The tweet, to his "unbelievable surprise," went viral, Heiferman told Insider, acquiring more than 65,000 retweets and 171,000 likes as of this article's publication. Model and entrepreneur Chrissy Teigen even retweeted his post.
Now, Heiferman is sort of an unofficial spokesperson for wearing masks, having been interviewed by a local TV station and Cosmopolitan magazine alike. The tweet also landed on the front page of Reddit.
Heiferman said each media opportunity is a chance to tell a new audience about how to wear masks safely and comfortably so that, collectively, we can help defeat the novel coronavirus. In places where they're mandated, for example, rates of COVID-19 sink, and one recent model estimated that if all Americans wore them, 63,000 more US deaths could be prevented by March.
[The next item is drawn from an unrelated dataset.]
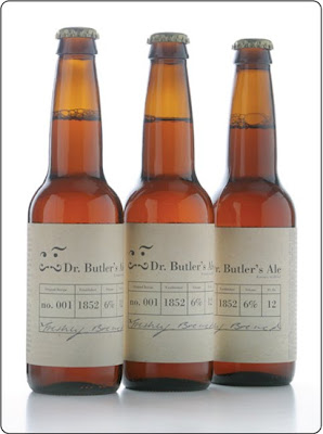 Ok, it’s not a wine, but I couldn’t resist sharing this beer, “Dr. Butler’s Ale,” whose labels are all faces made of characters from the Bodoni font. A student project by Ashley Lewis, the different faces are meant to represent the multiple crazy personalities of Dr. Butler, who was an infamously nutty “doctor” in England and used his ale as a cure for many ailments.
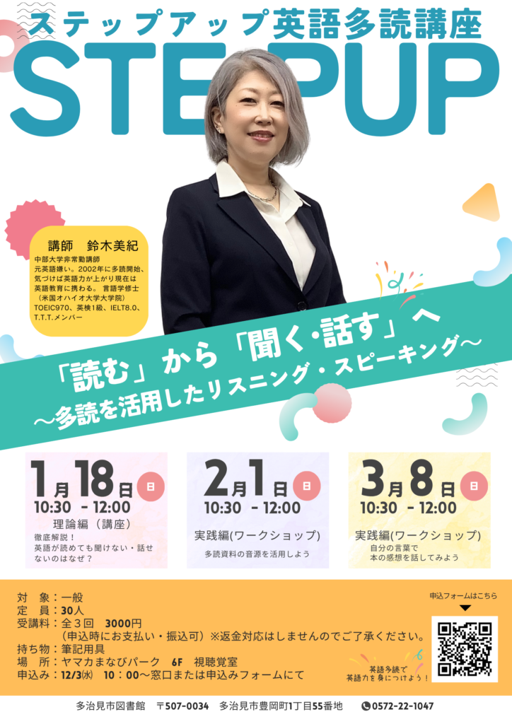多治見市図書館 本館 » 英語多読 » 英語多読のお知らせ » 『ステップアップ英語多読「読む」から「聞く・話す」へ〜多読を利用したリスニング・スピーキング~』のお知らせ

"My hope is that I could reach out and help people who are having difficulty wearing masks and wearing them well and wearing them properly," Heiferman said. "It's an unbelievable thing I've gotten to share with the world."
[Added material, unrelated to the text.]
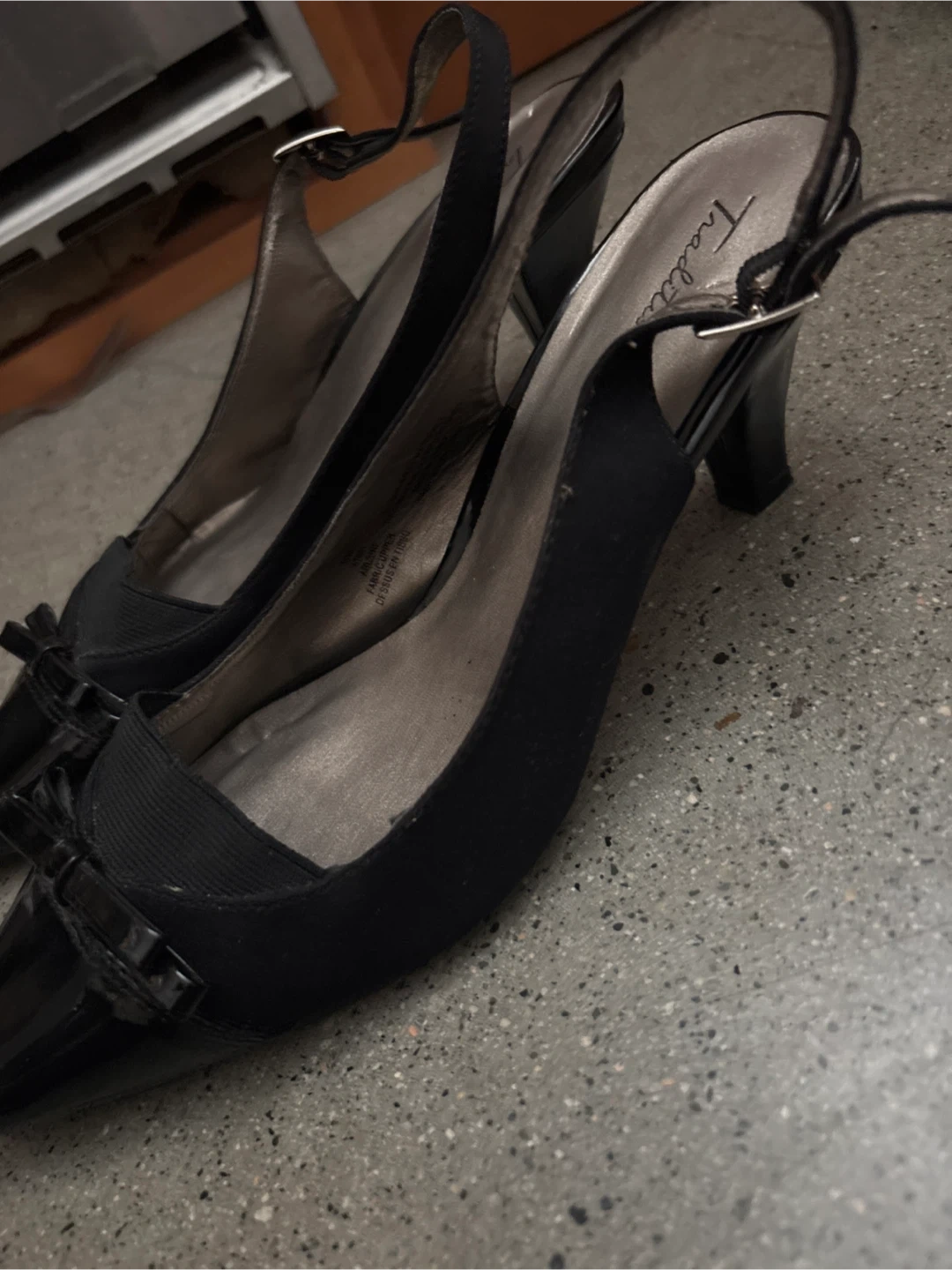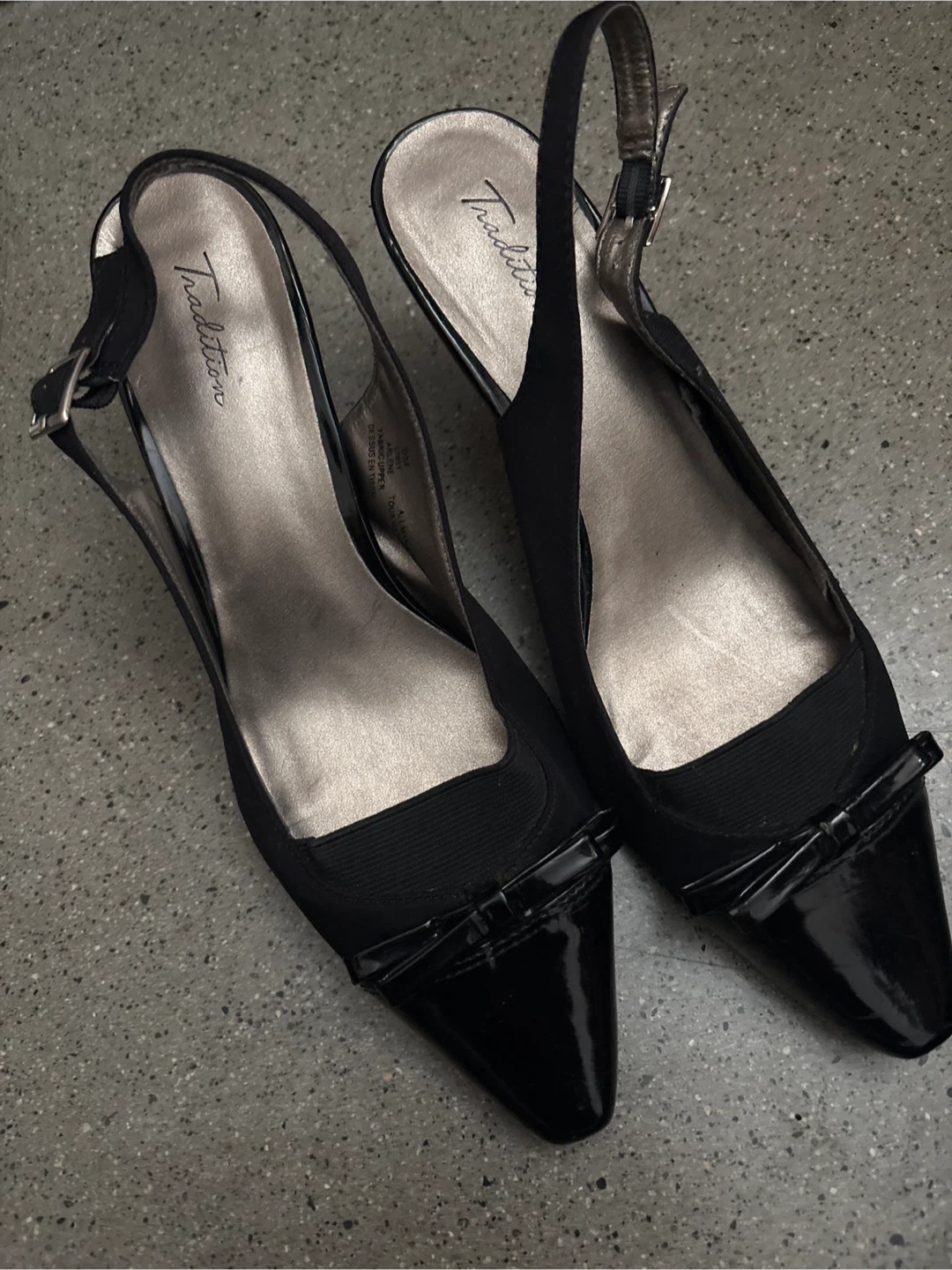 Classic black slingback heels from Tradition, perfect for dressing up or down. These are a size 9 and feature a cute bow detail on the toe. They're in great shape and ready for a new home

To secure the Band-Aid, put half of it on the mask and half on the face
Heiferman can go through a full day of surgery, which is at least 12 hours, without removing his mask and with the Band-Aid secure. If he takes it on and off to eat, for instance, he'll replace the bandage when it looses its stickiness.
To secure the Band-Aid, put the cotton part on the bridge of your nose, with half of the sticky part on the mask and half on your face, Heiferman recommends. He likes the large Band-Aids, which allow enough contact between both the skin and the mask to stay put.
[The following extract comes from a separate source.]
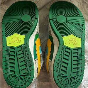 Eye-catching Nike sneakers with a vibrant mix of blue, yellow, and black. Perfect for playful adventures.

"I also personally like the fabric Band-Aids," he said, "but people should try different styles and sizes and find what works best for them."
That experimental attitude is what led Heiferman, who doesn't wear glasses, to discover the hack in the first place.
In surgery, he wears "loupes," which are like little microscopes that attach to goggles or glasses. While some of his colleagues use tape to keep their medical masks secure over their noses, which prevents fogging, that method irritates the skin on the bridge of Heiferman's nose.
He realized a Band-Aid, with its padding over that sensitive spot, did the trick to prevent both fogging and irritation. People who wear glasses, which on their own may offer some protection against COVID-19, took note after Heiferman's posting on Twitter, and some offered their own creative solutions to fend off fog.
Some whose masks don't stick well to Band-Aids, for example, said they use garment tape, usually marketed to gown-wearing women who need to keep bits of fabric literally close to chest, to make sure their masks are sealed to their faces.
There are ways to make mask wearing more comfortable, whether your concern is skin irritation or asthma
"I feel for people who've never had to wear a mask," including his wife, Heiferman said, but encourages them to take his example and find a way to do so that's both safe and effective.
The most effective fabric masks have three layers, for example, including an inner layer that absorbs, a middle layer that filters, and an outer layer made from a nonabsorbent material like polyester.
But fit matters just as much; a well-fitting mask should seal around the nose and mouth, preventing potentially infectious respiratory droplets from escaping through any gaps.
"I can't tell you how frequently I see people whose noses are exposed, which is as good as not wearing anything, or readjusting it constantly, or bringing it down to speak," Heiferman said. "Everyone is having to reinvent the wheel on this."
Others with medical conditions like asthma or COPD, meanwhile, may benefit from cloth masks made with a moisture-wicking and breathable fabric, according to the arthritis organization CreakyJoints. Doctors previously told Insider there is no validity to claims that medical conditions can exempt people from wearing masks.
"At the end of the day," Heiferman said, "everyone is making their sacrifices, and wearing a mask is just one of them."